> _Task instructions_
The complete listing goes into the output exactly, without its pictures.
== Records shown ==
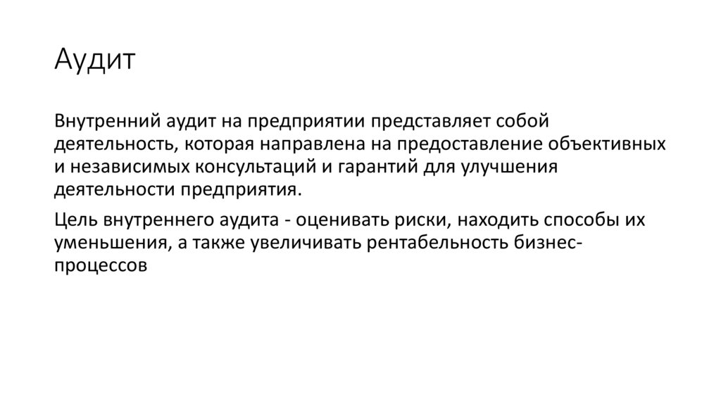 Цель внутреннего аудита - оценивать риски, находить способы их
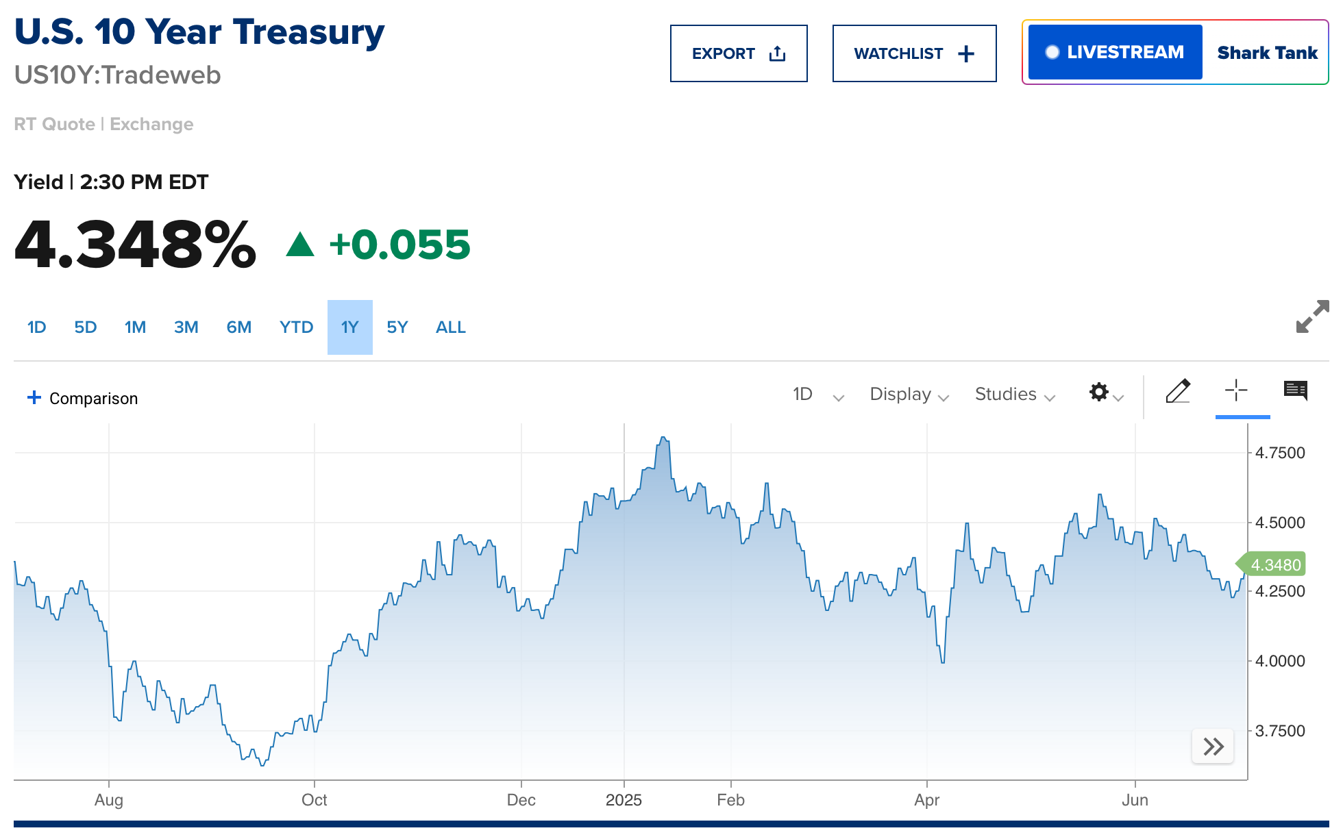 • 현재 제가 확인한 10년물 국채 금리는 4.35%이고, 그래프는 아래와 같습니다. 그 동안 앵커의 범위 내에서 계속 머물렀던 것으로 보입니다.
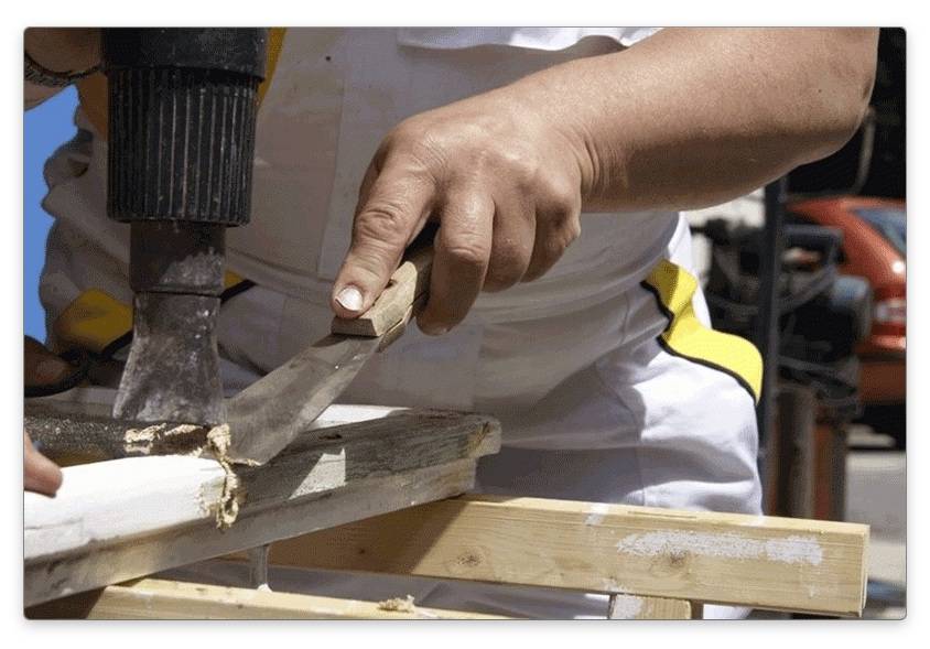 удаление прежнего покрытия до основания древесины, счищается специальными методами;
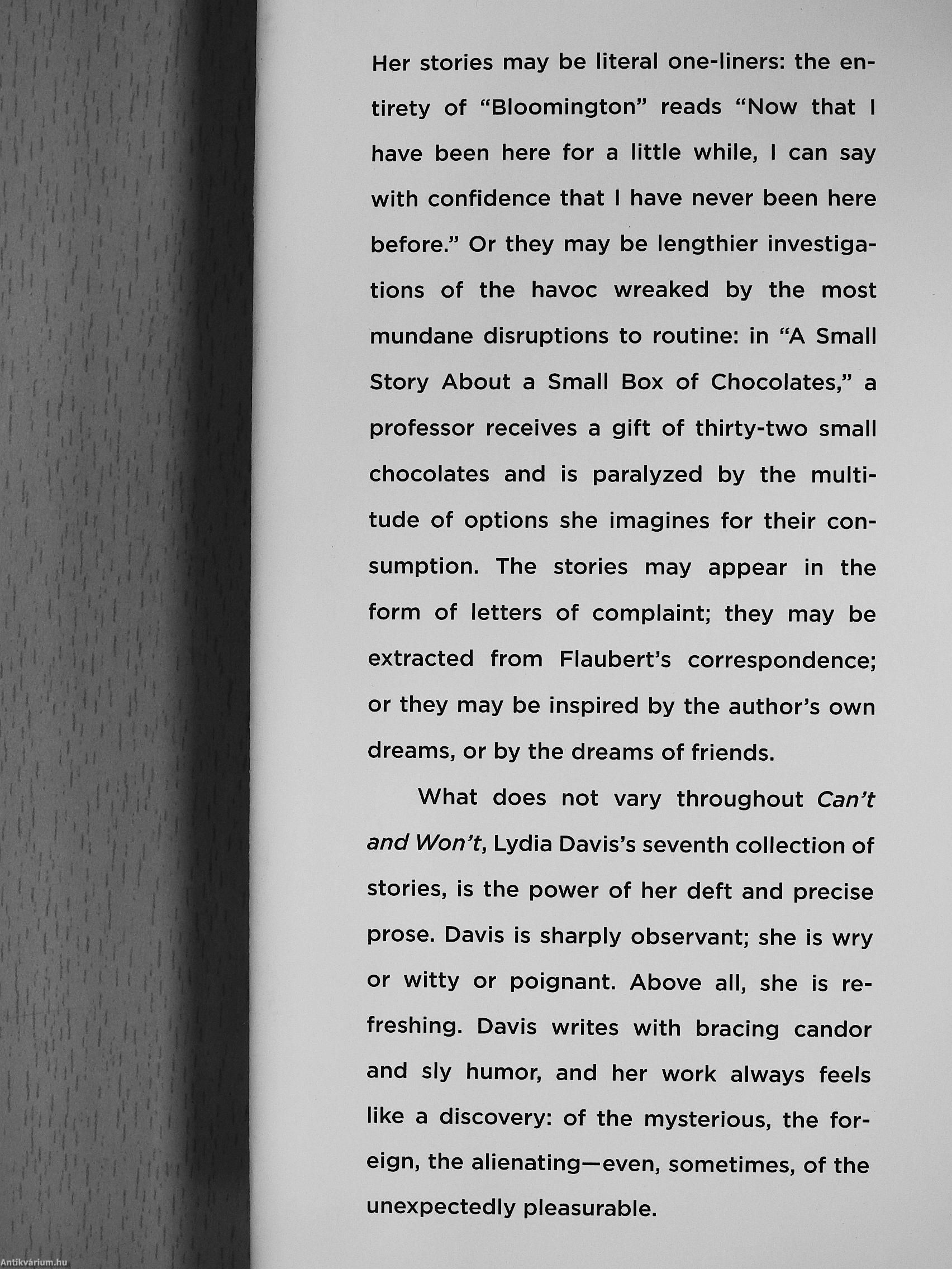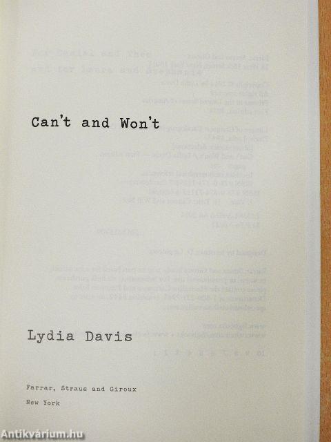 What does not vary throughout Can't and Won't, Lydia Davis's seventh collection of stories, is the power of her deft and precise prose. Davis is sharply observant; she is wry or witty or poignant. Above all, she is refreshing. Davis writes with bracing candor and sly humor, and her work always feels like a discovery: of the mysterious, the foreign, the alienating—even, sometimes, of the unexpectedly pleasurable.
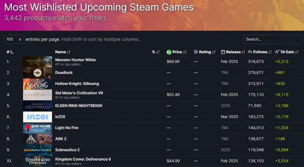 Monster Hunter Wilds ukaże się na PC, PS5 oraz Xbox Series X/S już za niecały miesiąc, bo 28 lutego 2025 roku. I to dopiero dane, których dostarcza serwis SteamDB pokazują, jak duża może to być premiera. W końcu mało której grze udaje się trafić do topki najczęściej dodawanych do list życzeń graczy tytułów na Steam, a wręcz… ją podbić.
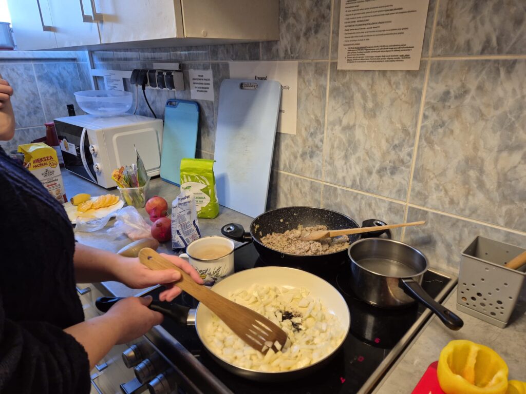 Były warsztaty, rozmowy… a potem coś bardzo zwyczajnego, lepienie pierogów. Mieszkanki same się zorganizowały. Przygotowały farsz, ciasto a potem usiadły razem do stołu. I było
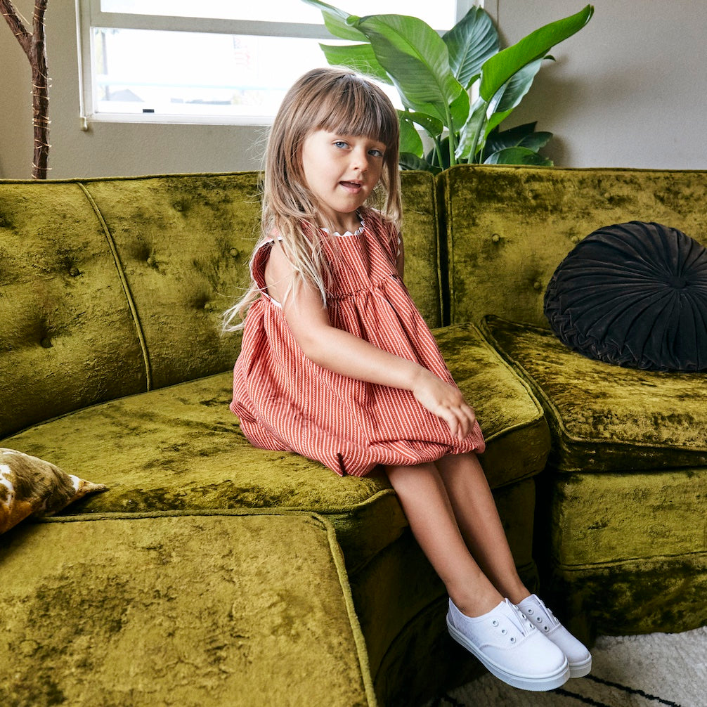 Meet the Robin. Instead of laces, Robin is outfitted with an elastic strap that sits under the eyelets, and right above the tongue for a secure fit. All Oomphies come with a foam cushion footbed, this set in particular matches the same color of the upper, built on top of our flexible Oomphies outsole. These kid favorite shoes are stylish, practical and functional! Oomphies kids' shoes are kid-friendly and parent approved!
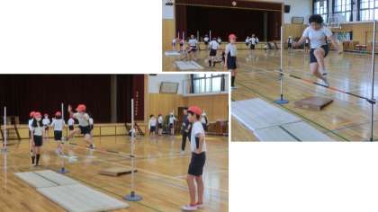 体育科「走り高跳び」の学習では、自身のめあてをそれぞれに意識して、場を選びます。同じ場の友だちとアドバイスをしあいながら、練習しています。
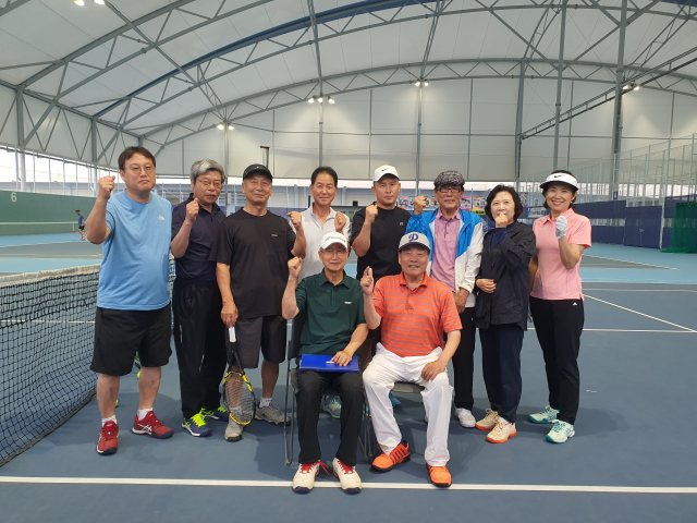 재부함안향우회테니스회(회장 김효동)는 최근 함안공설 실내테니스장에서 함안 시니어 테니스클럽 친선 경기와 월회대회를 가졌다.
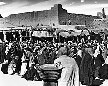 Haraj bin Qassim has its origins around the 1940s in the Deera Square, in front of present-day Grand Mosque of Riyadh in the city's ad-Dirah neighborhood. It is attributed to a person called ibn Qassim (transl. Son of Qassem), who is believed to be the eponymous founder of the souq after King Abdulaziz granted him the land for setting up an auction market.[10][11] It was later relocated to al-Batʼha Street in al-Manfuhah neighborhood in 1971.[12] One branch of the souq was also opened in Asir Street and Raʾīs Street, in close proximity to al-Shumaisi neighborhood but was soon closed down as the site was unspecified for the purpose by the authorities.[11] In 2007, the Riyadh Municipality announced that it would be relocating the souq further south of al-Batʼha Street in a 48-hectares area allotted in the al-Masani neighborhood, in close proximity to the al-Mansurah district.[13] The land was donated by Prince Sattam bin Abdulaziz and after conducting a well-planned study of the area,[14] the market was shifted there in 2014.[15]
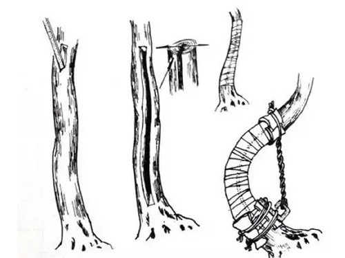 当枝条较粗大时,强行向下弯曲可能会造成折断,因此,可在枝条下方锯开一列切口,用塑料条包扎后再用棕丝进行捆扎。
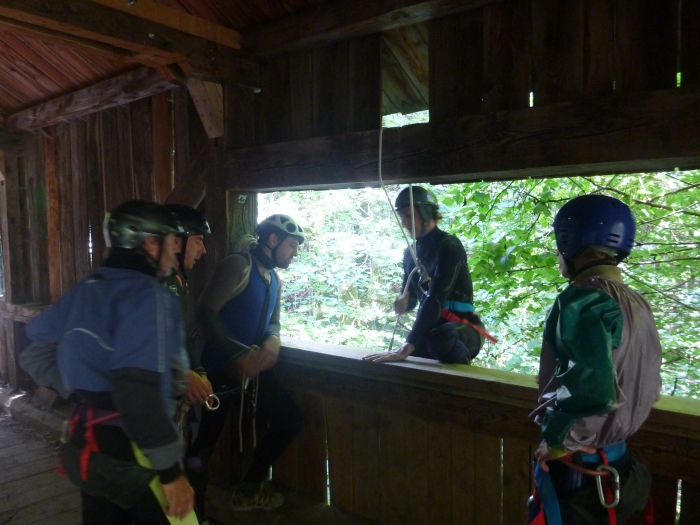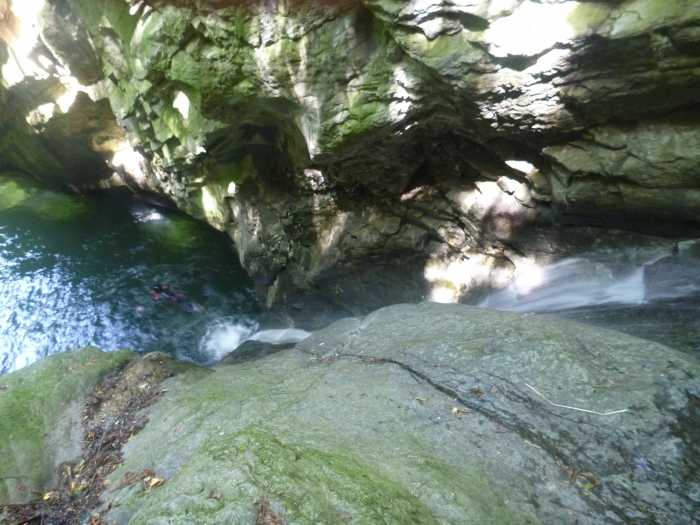 Dan wordt het puffen... een uurtje aanlopen, gelukkig voornamelijk in het bos, waarbij de nodige hoogtemeters moeten overwonnen worden. De instap is een 25m rappel vanuit een overdekte brug. Nog efkes het zweet inhouden dus voor die eerste verfrissende duik er aankomt. Maar die duik mag er dan ook zijn... een glijbaan van 13 meter is de start van een paar uurtjes waterpret.
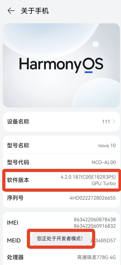 3、接着连续点击版本号7次,多点击几次即可进入开发者模式。部分手机的下方会出现【您正处于开发者模式】的提示,由于手机型号存在差异,显示的内容可能会有所不同。
===
> _Answer section_
 Цель внутреннего аудита - оценивать риски, находить способы их
 • 현재 제가 확인한 10년물 국채 금리는 4.35%이고, 그래프는 아래와 같습니다. 그 동안 앵커의 범위 내에서 계속 머물렀던 것으로 보입니다.
 удаление прежнего покрытия до основания древесины, счищается специальными методами;
 What does not vary throughout Can't and Won't, Lydia Davis's seventh collection of stories, is the power of her deft and precise prose. Davis is sharply observant; she is wry or witty or poignant. Above all, she is refreshing. Davis writes with bracing candor and sly humor, and her work always feels like a discovery: of the mysterious, the foreign, the alienating—even, sometimes, of the unexpectedly pleasurable.
 Monster Hunter Wilds ukaże się na PC, PS5 oraz Xbox Series X/S już za niecały miesiąc, bo 28 lutego 2025 roku. I to dopiero dane, których dostarcza serwis SteamDB pokazują, jak duża może to być premiera. W końcu mało której grze udaje się trafić do topki najczęściej dodawanych do list życzeń graczy tytułów na Steam, a wręcz… ją podbić.
 Były warsztaty, rozmowy… a potem coś bardzo zwyczajnego, lepienie pierogów. Mieszkanki same się zorganizowały. Przygotowały farsz, ciasto a potem usiadły razem do stołu. I było
 Meet the Robin. Instead of laces, Robin is outfitted with an elastic strap that sits under the eyelets, and right above the tongue for a secure fit. All Oomphies come with a foam cushion footbed, this set in particular matches the same color of the upper, built on top of our flexible Oomphies outsole. These kid favorite shoes are stylish, practical and functional! Oomphies kids' shoes are kid-friendly and parent approved!
 体育科「走り高跳び」の学習では、自身のめあてをそれぞれに意識して、場を選びます。同じ場の友だちとアドバイスをしあいながら、練習しています。
 재부함안향우회테니스회(회장 김효동)는 최근 함안공설 실내테니스장에서 함안 시니어 테니스클럽 친선 경기와 월회대회를 가졌다.
 Haraj bin Qassim has its origins around the 1940s in the Deera Square, in front of present-day Grand Mosque of Riyadh in the city's ad-Dirah neighborhood. It is attributed to a person called ibn Qassim (transl. Son of Qassem), who is believed to be the eponymous founder of the souq after King Abdulaziz granted him the land for setting up an auction market.[10][11] It was later relocated to al-Batʼha Street in al-Manfuhah neighborhood in 1971.[12] One branch of the souq was also opened in Asir Street and Raʾīs Street, in close proximity to al-Shumaisi neighborhood but was soon closed down as the site was unspecified for the purpose by the authorities.[11] In 2007, the Riyadh Municipality announced that it would be relocating the souq further south of al-Batʼha Street in a 48-hectares area allotted in the al-Masani neighborhood, in close proximity to the al-Mansurah district.[13] The land was donated by Prince Sattam bin Abdulaziz and after conducting a well-planned study of the area,[14] the market was shifted there in 2014.[15]
 当枝条较粗大时,强行向下弯曲可能会造成折断,因此,可在枝条下方锯开一列切口,用塑料条包扎后再用棕丝进行捆扎。
 Dan wordt het puffen... een uurtje aanlopen, gelukkig voornamelijk in het bos, waarbij de nodige hoogtemeters moeten overwonnen worden. De instap is een 25m rappel vanuit een overdekte brug. Nog efkes het zweet inhouden dus voor die eerste verfrissende duik er aankomt. Maar die duik mag er dan ook zijn... een glijbaan van 13 meter is de start van een paar uurtjes waterpret.
 3、接着连续点击版本号7次,多点击几次即可进入开发者模式。部分手机的下方会出现【您正处于开发者模式】的提示,由于手机型号存在差异,显示的内容可能会有所不同。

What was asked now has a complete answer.